I needed to drive some lag screws into 4x4s for my deck this weekend. None of my existing drivers were up to the task, so went and picked up a lower end DeWalt corded drill. It worked great, except for when the screws bit into the wood where the pilot hole ended, at which point the stupid thing about took my arm with it while it was kicking back. Lesson learned. 

I assume this is operator error since I'm used to cordless drills with a clutch, so am wondring if there's any advice on proper operation so that it doesn't happen again? (Other than purchase a longer bit/make deeper pilot holes).. :laughing:

Mike


----------



## 47_47 (Sep 11, 2007)

Don't laugh, but the deeper pilot hole is the answer. I usually run them in with an impact gun.


----------



## Highlander (Mar 2, 2009)

Sounds like the perfect job for an impact driver. Might find you don't even have to drill the pilot holes.


----------



## tigereye (Feb 25, 2009)

Highlander said:


> Sounds like the perfect job for an impact driver. Might find you don't even have to drill the pilot holes.
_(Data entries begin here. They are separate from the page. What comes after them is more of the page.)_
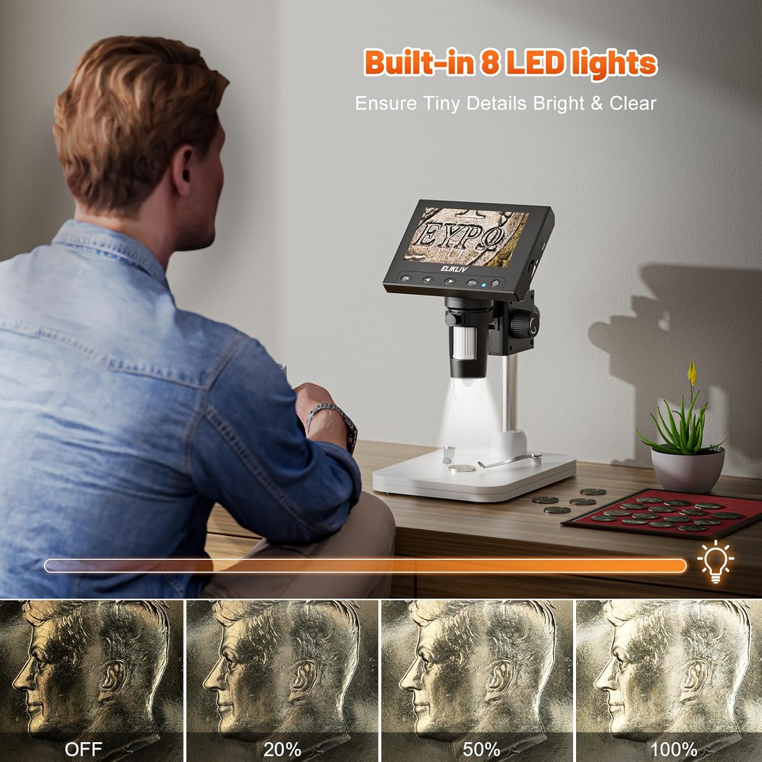 Elikliv Microscope, LCD Digital Coin Microscope 1000x, Coin Magnifier with 8 Adjustable LED Lights, PC View Compatible with Windows/MacBook, EDM4, 4.3 Inch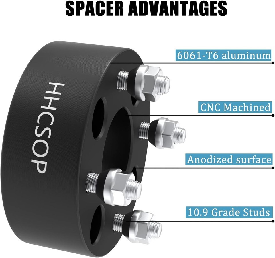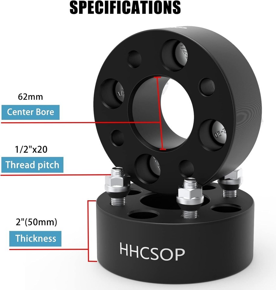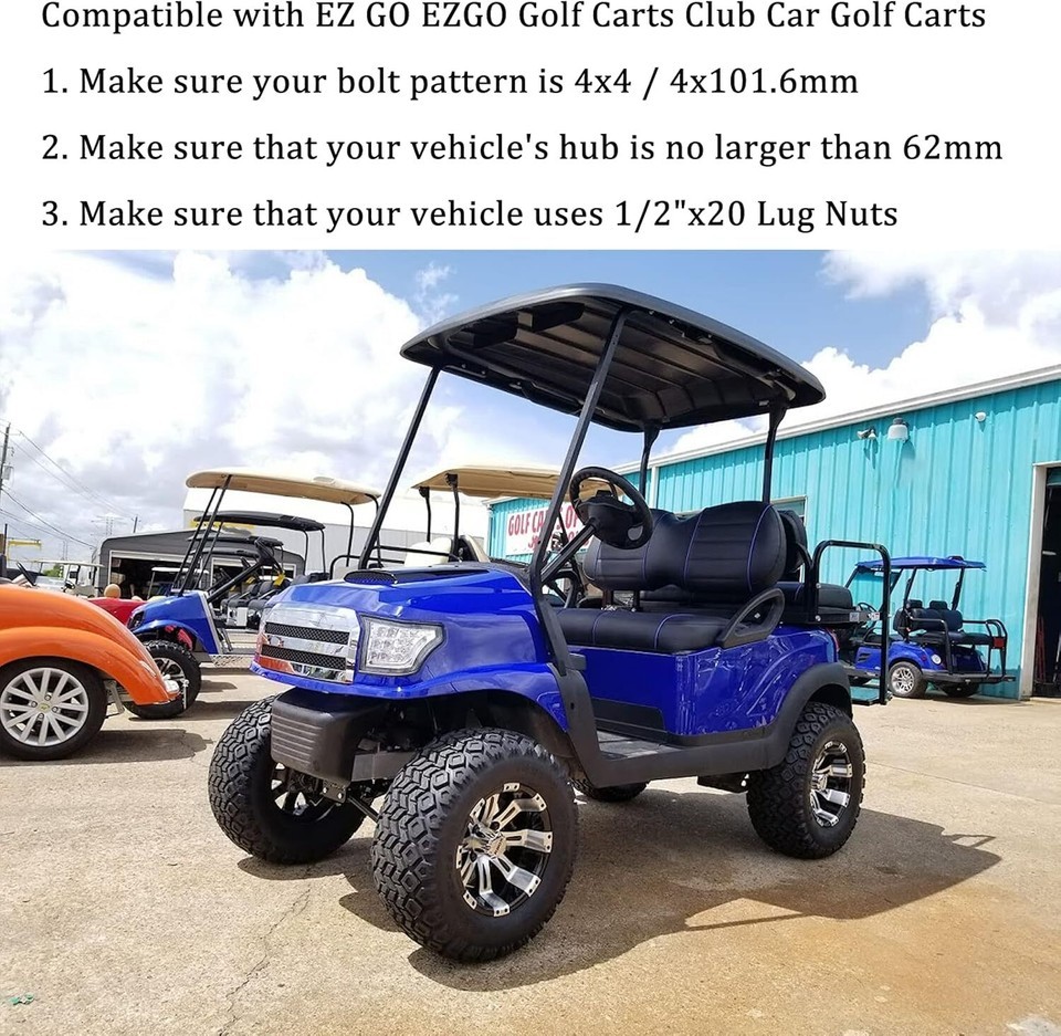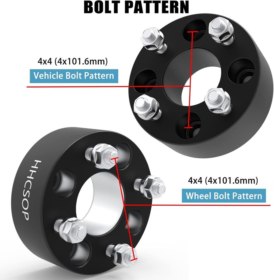 ? 4PCS Wheel Spacers: Thickness: 2"(50mm) | Vehicle Bolt Pattern: 4x4 (4x101.6mm) | Wheel Bolt Pattern: 4x4 (4x101.6mm) | Center Bore: 62mm | Thread Pitch: 1/2"x20. ? Golf Cart Wheel Adapters: Compatible with many 4x4", 4x101.6, 4x100 Bolt Pattern EZ GO EZGO Club Car Golf Carts and ATV vehicles. (Vehicle hub studs and lug nuts must be with 1/2"-20 1/2x20 1/2"x20 thread pitch) ? High Quality: Forged from 6061-T6 aluminum alloy, CNC automatically machined to ensure high precision and stability, with anodized and heat-treated surfaces to enhance corrosion resistance, and comes with 10.9 grade premium studs. ? Spacer Features: Provide additional clearance between the wheel and hub assembly, thereby improving the vehicle's performance in terms of handling and traction. It will make your vehicle more stable and allow installation of lift/lowering kits and larger traction tires. ? Important Notes: Before purchasing these wheel spacers, please recheck your vehicle compatibility (year/make/model) in the product description. If you have any questions, please contact the customer service team for further assistance.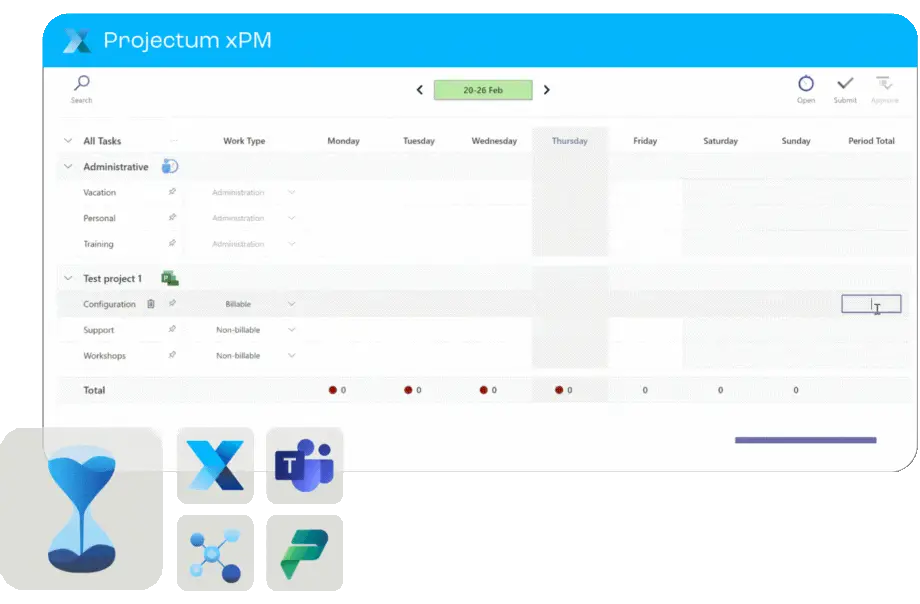 Oui, Projectum xPM Time Tracking s’intègre parfaitement à l’écosystème Microsoft et à d’autres outils de productivité. Construit sur Azure App Service, il est conçu pour fonctionner de manière fluide avec Microsoft 365, notamment Microsoft Teams, Power Platform, Microsoft Entra ID et Power BI. Cela garantit une synchronisation complète de vos données de suivi du temps avec vos flux de travail existants, éliminant la saisie manuelle et offrant une expérience unifiée.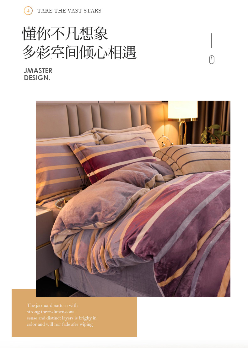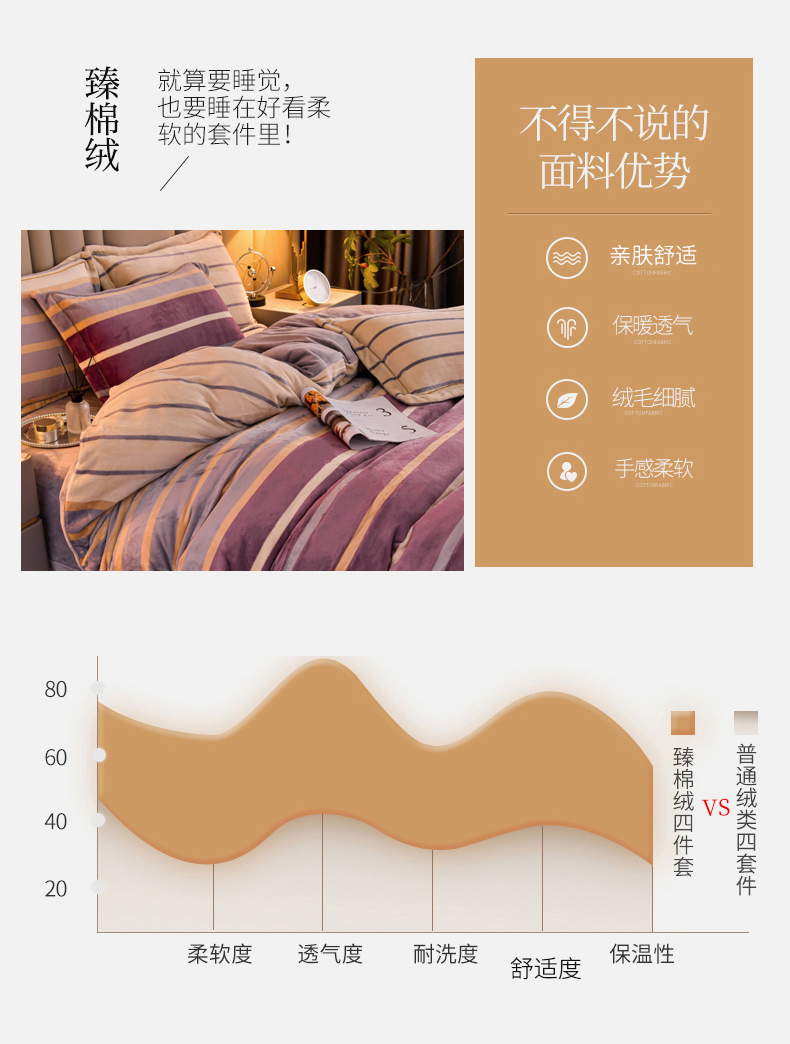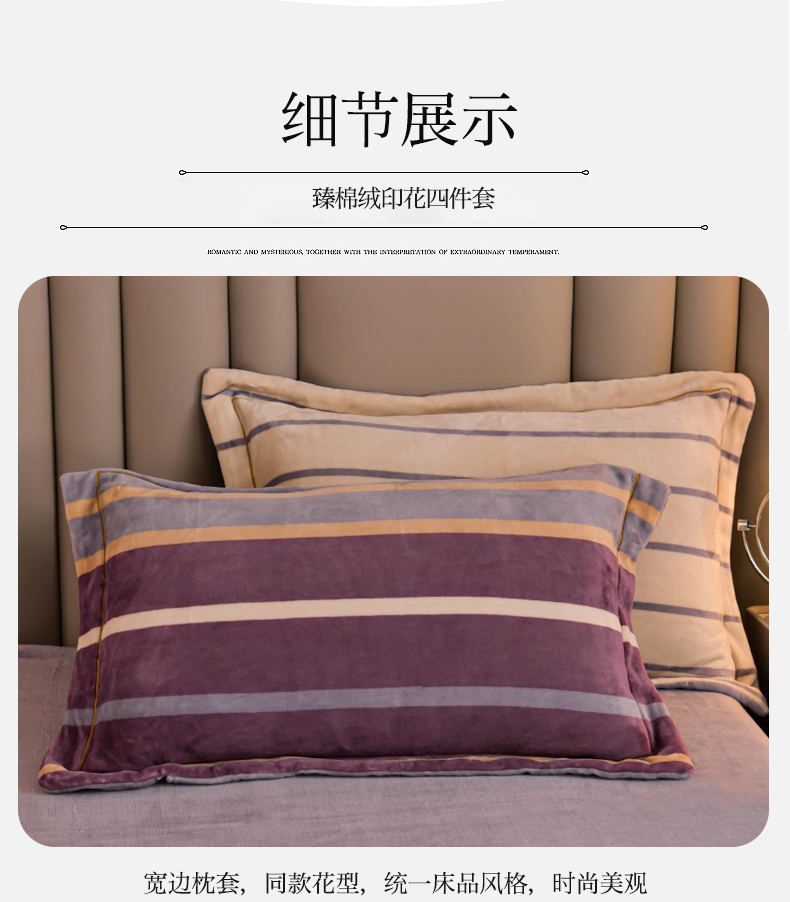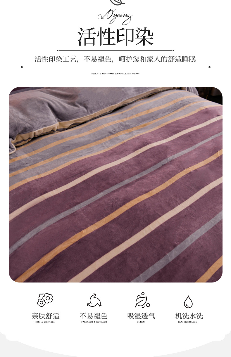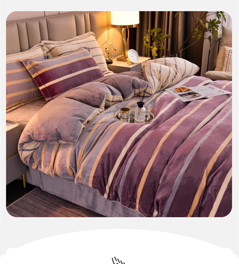 商品名称:丽涵家纺 2025秋冬新品230克全工艺消光牛奶绒印花四件套 绅士条纹-红咖

I got one of the little 10.8v Makita impact drivers that I love. It was blowing through the decking screws with no trouble, but it just didn't have the oomph to drive the lags. Maybe one of its big brothers would be more suited. Might be time for another shopping trip.. :whistling2:

Thanks for the advice.

Mike


----------



## Michael Thomas (Jan 27, 2008)

Most "better" 1/2" drills have a provision for an auxiliary handle, which helps control the torque:









you _really_ have to watch it when using any of them however, especially when on a ladder or in a confined space - they can send you flying or break a wrist before you have time to react - I've had personal experience of the former.
----------

Home Inspection: "A business with illogically high liability, slim profit margins and limited economies of scale. An incredibly diverse, multi-disciplined consulting service, delivered under difficult in-field circumstances, before a hostile audience in an impossibly short time frame, requiring the production of an extraordinarily detailed technical report, almost instantly, without benefit of research facilities or resources." - Alan Carson


----------



## fuster (Apr 13, 2009)

Drills are not designed to put in screws. If you insist on using it for that, I recommend you go to a hardware store and find a clutch bit assembly (if they still sell them) that will go into the chuck and then you can put the driver bit into the clutch assemblly. Drivers have a clutch. Without a clutch your drill will live a short life if you use it to drive screws. Plus, you can put the screws in faster with power driver. 

Impact drivers shear off heads of screws when the resistance gets too great. Not all the screw heads, but try taking that broken screw out and putting in another one. You can't, so now you have to put in another screw in a different spot. Ruins a deck job because now they (screws) aren't all lined up. Same with any other item that requires uniform spacing of the screws.


----------